Под разными предлогами Глеба тянуло на улицу, и он по целому часу выносил ведро и пропадал в булочной. В арбатских задворках пахло сырым кирпичом, кошками и выстиранными простынями, из окон долетали гаммы, и в дальнем углу двора стучал молотком татарин, забивая матрасные гвозди. Уже в ту пору была заметна разница между братьями. «Все-таки насколько Борька домашний, привязчивый, открытый», — говорила мать, и ее последующий вздох, задумчивая пауза и взгляд словно договаривали о Глебе то, о чем вслух говорить не хотелось: не привязчивый, скрытный, уличный…

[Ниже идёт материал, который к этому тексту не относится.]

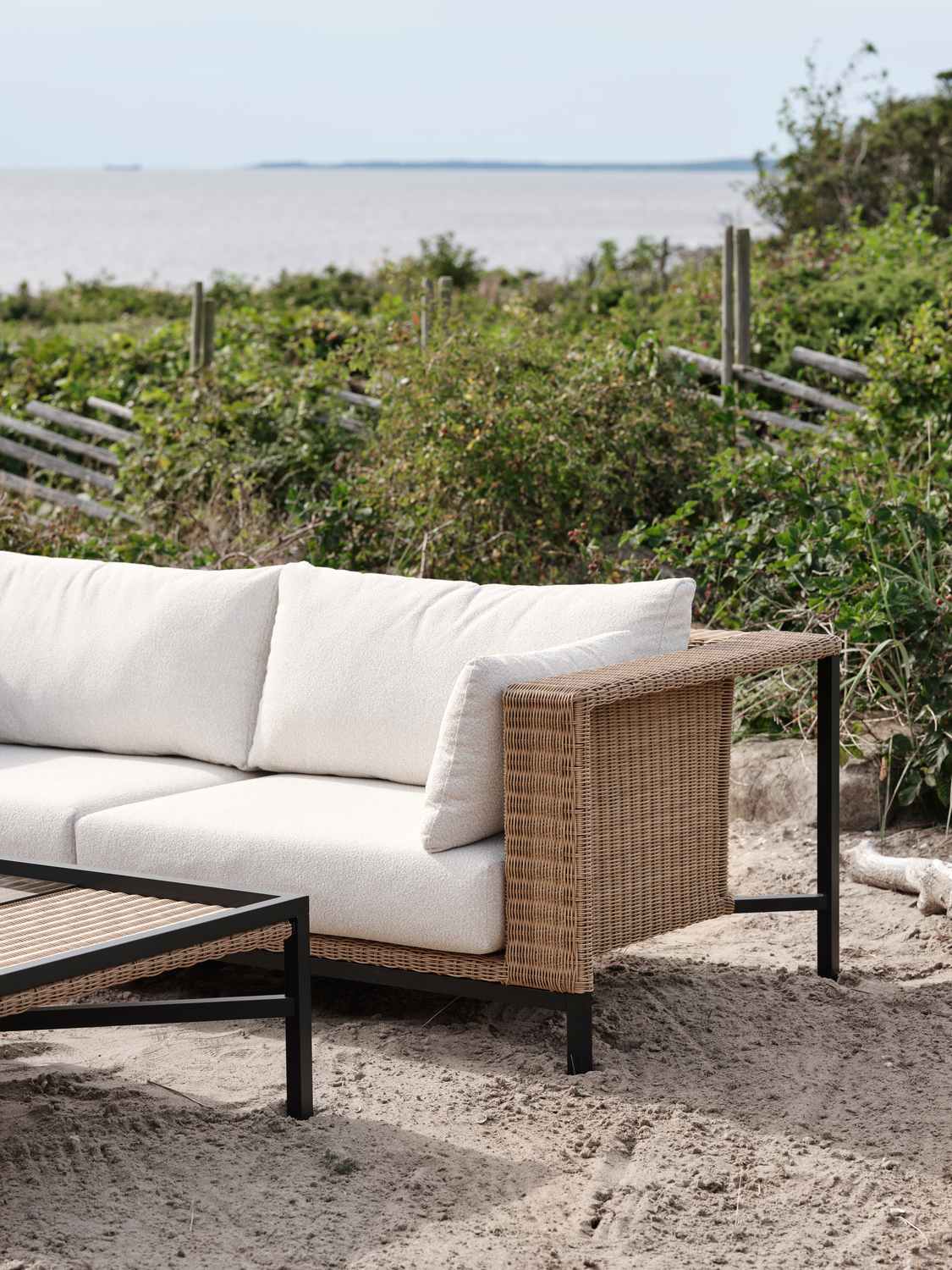 Det som skiljer Shell åt är dess unika blandning av designinfluenser. De rena linjerna och de neutrala färgerna för den lugna enkelheten i skandinavisk design, medan värmen och känslan från konstrotting fångar den avslappnade, soliga känslan från Medelhavet. Denna blandning gör Shell till det perfekta valet för en utomhusoas som är både trendig och tidlös. Den öppna ryggen visar ramen, ytterligare en designdetalj. Ram i svart aluminium och dynor i vitt olefintyg.

Выслушивая похвалы своему нраву, Борик верил, что это счастье быть таким, как он. Он даже сочувствовал тем мальчикам, которые не были им, Бориком, а были Сашами, Ванями, Петями. Им этого счастья не досталось, они даже не ведали, какое оно. Борик забирался на колени к отцу, прижимался щекой к большой ноге бабушки, ловил мать за платье и каждый раз убеждался, что его счастье тут, на месте, его любят, он всем дорог и необходим. Притягивая же к себе любовь домашних, он и их любил с легкостью. Любил мать, отца, тетушку, и это было для него приятно, потому что и они как бы целиком состояли из любви к нему, весь дом состоял из любви к нему: стол, белая изразцовая печка, резной буфет с гребешком, старенький рыжий диван, абажур. У них единственных в доме был балкон, нависавший над кустами белой сирени, и порою Борика до дрожи пронизывала мысль: какой же он счастливый, что родился именно здесь, у своей матери и своего отца, ведь мог же он родиться у чужих, а у его родителей сыном был бы какой-нибудь Саша или Ваня. До появления Глеба мать казалась ему самой лучшей матерью, отец самым лучшим отцом, и конечно же он жил в самом лучшем городе Москве и в самой лучшей стране на свете. Слушая черный круг репродуктора, висевшего над обеденным столом, Борик с облегчением думал, до чего же ему повезло, раз все ужасное и страшное творится где-то в чужеземных странах, далеко, не здесь.